The Crazy Thing I Did
First things first, because I’m sure a you are on the edge of your seat! I signed up to be an independent Epicure consultant!
If you don’t know what epicure is, check it out! They are no longer a dip company. I have been to two Epicure cooking classes in the last year, and each time I come away feeling inspired to eat clean and wanting a lot of their products! This is why I signed up. They have a program called Good Food. Real Results. It is a 90 day clean eating program and it costs over $200. I am one of those people enjoys trying different things, and I like to jump in with both feet! After about a year and a half of eating processed crap much more than I would like to admit, I am ready to focus on my personal health.
When I say personal health, the best change I can make is to eat more healthfully. But I am soooo sick of veggies, the preparation time, meal planning and grocery shopping. It feels like work now, sometimes I wish I could take a nutrient shake three times a day and be done with it! Now I can totally relate to my Mom, when I was a teenager I remember her being so annoyed by deciding what have for supper, making it and grocery shopping. I used to think jeez… I can’t wait to do my own groceries, and cook whatever I want! That lasted about well 5 years of living on my own, now I am desperate to eat good food real fast!

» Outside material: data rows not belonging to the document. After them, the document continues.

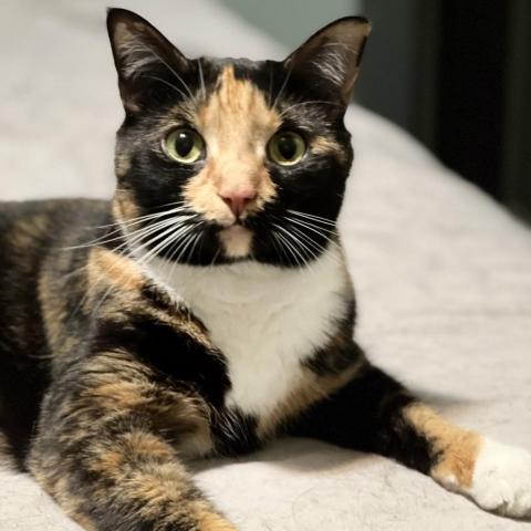Well, hello there! Im Silk and like my namesake suggests, I have the silkiest of purrs. How will you know? Because, I purr constantly! I purr when you pet me, when you rub my belly, when you talk to me....even when you just look at me. I was adopted as a kitten 2 years ago, and by no fault of my own, I had to come back to SFC because my human got very sick. Ive been living a great life since kittenhood, so rest assured that Im a very comfortable house cat. Im a good mix of playful, social, and lazy. Im currently staying with my foster family and have one feline sister. We are fine together. We havent been together long enough to become good friends, but were respectful of each others space and only hiss or growl at one another on occasion. I dont live in the same space as my foster dog siblings, and that is just fine by me. Theyve come to visit me and also like to stare me down through the French doors. Theyre just not my cup of tea. My foster mom thinks I probably did not live with dogs in my former house and would be happier without them in my forever home. Im a very good and happy girl and hope you like what you see. Lets meet soon.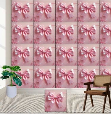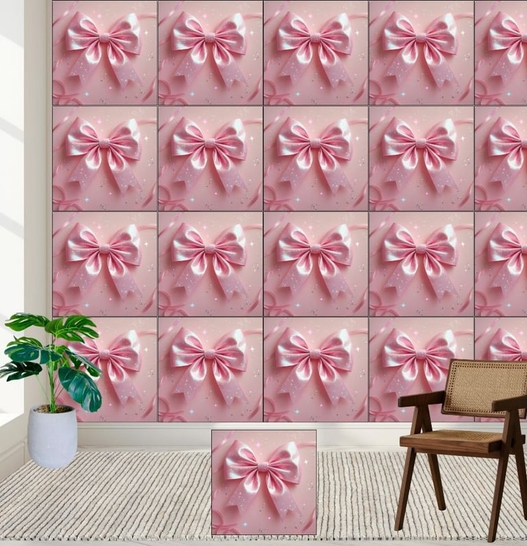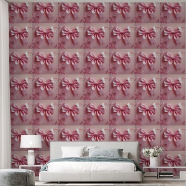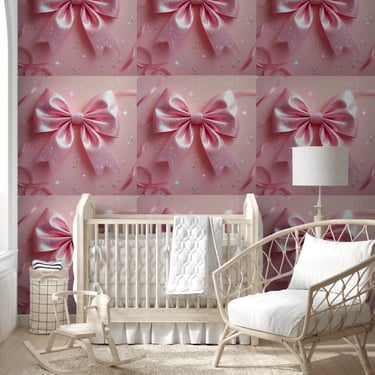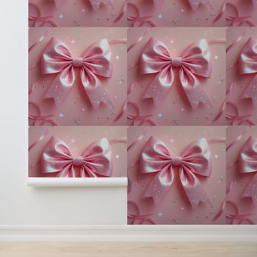 This high-quality wall mural features a beautifully detailed, large pink satin bow with an iridescent, sparkling finish that catches the light from every angle.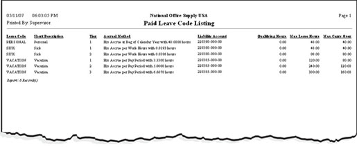 If you need summary information of the paid leave records set up in AccountMate, generate the Paid Leave Code Listing. Aside from the accrual method, this report displays the tier, which represents an employee classification that may be based on seniority, position, or any other basis that your company has set for granting paid leave benefits. This report also provides information on the minimum work hours required to qualify for the accrual; hours accrued per pay period, per hour worked, or per year; maximum leave hours that may be claimed in a year; maximum leave hours that can be carried over to the following year; and the GL Account ID to which the system will record the obligation arising from the paid leave time accrual. This report is most useful when you need to review the parameters set up for each paid leave code in order to help ensure accuracy of system-calculated paid leave time accrual and available balances.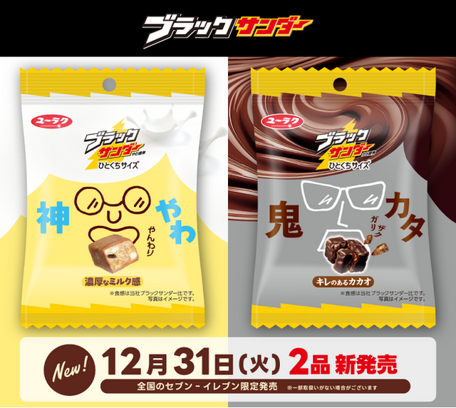 有楽製菓株式会社(本社:東京都小平市、代表取締役社長 河合辰信)は、ブラックサンダーシリーズから「ブラックサンダーひとくちサイズ 神やわ」「ブラックサンダーひとくちサイズ 鬼カタ」を、2024年12月31日(火)より順次、全国のセブン-イレブンにて発売いたします。※一部店舗では取り扱いのない場合がございます。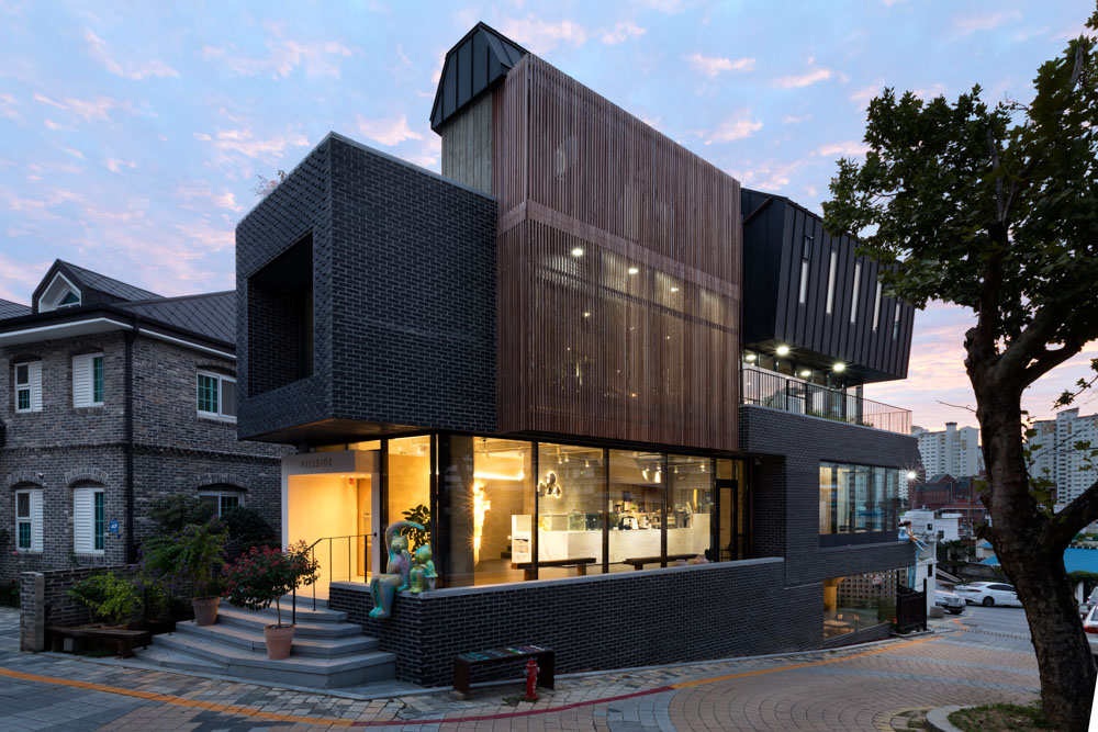 주요 외장재는 인근 문화재와 주변에 흐르는 맥락을 고려하여 2층까지는 전벽돌을, 3층은 미송판재 문양의 노출콘크리트와 징크를 사용했다. 돌출되어 있는 좁은 폭의 목재(이페목) 루버는 매스 분절 면과 넓은 유리창, 재료분리 등을 하나로 묶으면서 내·외부 풍경을 조절하기 위한 장치다. 이는 매스변화와 시선흐름의 필터 기능을 하리라 기대한다.

Epicure to the rescue! They promise to teach you how to make a healthy delicious meal in 20 minutes or less! This may turn into a bit of a food blog because I plan to keep documenting my progress with Epicure here, just a forewarning.
Life Feels Easier Every Day
Maybe it was the bike ride I did last night but I really feel great today! My mood has caused me to reflect on the past few months so see how things are different.
Sleep is my best friend!
I haven’t used an alarm to wake up in 6 months! Before you make fun of me, because I don’t have a job or kids to be up for; I have a standing commitment to meet my bestie and her babes for a walk at 8:25 am. These morning walks have come to be a staple in my life. I often used to sleep in and be late or miss them all together. Now I’m up and ready to roll with Georgia usually before 8:25am! After getting a solid 8 hours of sleep! Yep thats right 8 hours, am I bragging, a little. For years trying to fit in a job, exercise, healthy eating, family and social relationships I was lucky to get 7 hours. I go to bed now sleep, wake up feeling rested and start my day!
All that rest has translated into more energy. It took a long time, I slept for an average of 10 hours a night for the first three months of not working. I would even have naps too, looking back on it sleep was so soothing then. My free time would be spent playing games on the iPad or watching tv, or playing video games on the X box. This made me even lazier! But it had the advantage of keeping my mind occupied, without actually having to do anything. Over time I turned this energy into projects around the house. This probably happened way faster from my partner guilting me, not on purpose, but what I believe was out of worry and fear for me. He probably knows me better than I like to admit!
I came to love DIY
I have always wanted to be that DIY person, I love the channel and all the shows on home improvement. About a year ago now I had convinced my partner to renovate our bedroom and put in a walk in closet. This project along with many others had been just sitting around waiting….for what I don’t know! I changed out light switches, outlets, replaced the ceiling fans in the living room, a chandelier in the front hall, and put a new light in our bedroom. We bought and I learned, with the help of family how to lay down laminate flooring. I did the baseboard and the the trim in the bedroom, I even made the built-ins in the walk in closet. All of these things gave me so much self confidence and pleasure. I loved looking at my hard work, and loved showing it off even more!
Patience is key to renovations, which I learned. By not putting expectations on myself I felt I was able to accomplish more. When I had a job I always felt strapped for time, this caused me to become anxious and hurried all of the time. If I try to hurry I make mistakes left right and centre, which in turn causes me to become more excited and anxious. When I slowed down and focused only on the task at hand, something amazing happened! I felt more relaxed, I accomplished more work, of a greater quality and was excited to do it the next day. Then I realized this is called being present! I was present for snippets of the day, and it wasn’t chemically induced!
Living day by day serves me now
Listening to my body helps me live day by day. For example if I feel tired I shouldn’t do painting because I’m going to make mistakes and get frustrated. Ignoring my body and feelings had become a necessary survival skill that was no longer needed. Sometimes when you don’t want to be around people you shouldn’t be! It has happened to me before, I would go out with my running group and end up frustrated an crying. This makes people compelled to help, but they can’t. Then I would feel like a whiner and even worse than I had before. I guess this is part of the reason I stopped running, it was no longer making me happy. That realization in itself was huge! It had nothing to do with my running group, and everything to do with me.
Do I have any regrets? Nope, not a one! Everyday I wake up and feel thankful for my life, and that I don’t have to go to work at my old job. I’m not scared or worried, and I’m not counting the days until I get old and can stop working. I went for my first Wednesday night ride with the cycling club, and it was hard, but very rewarding. I have missed the running group dearly so I’m happy to try a new sport and join a group of likeminded people to do it with.
Have a wonderful day and thanks for reading!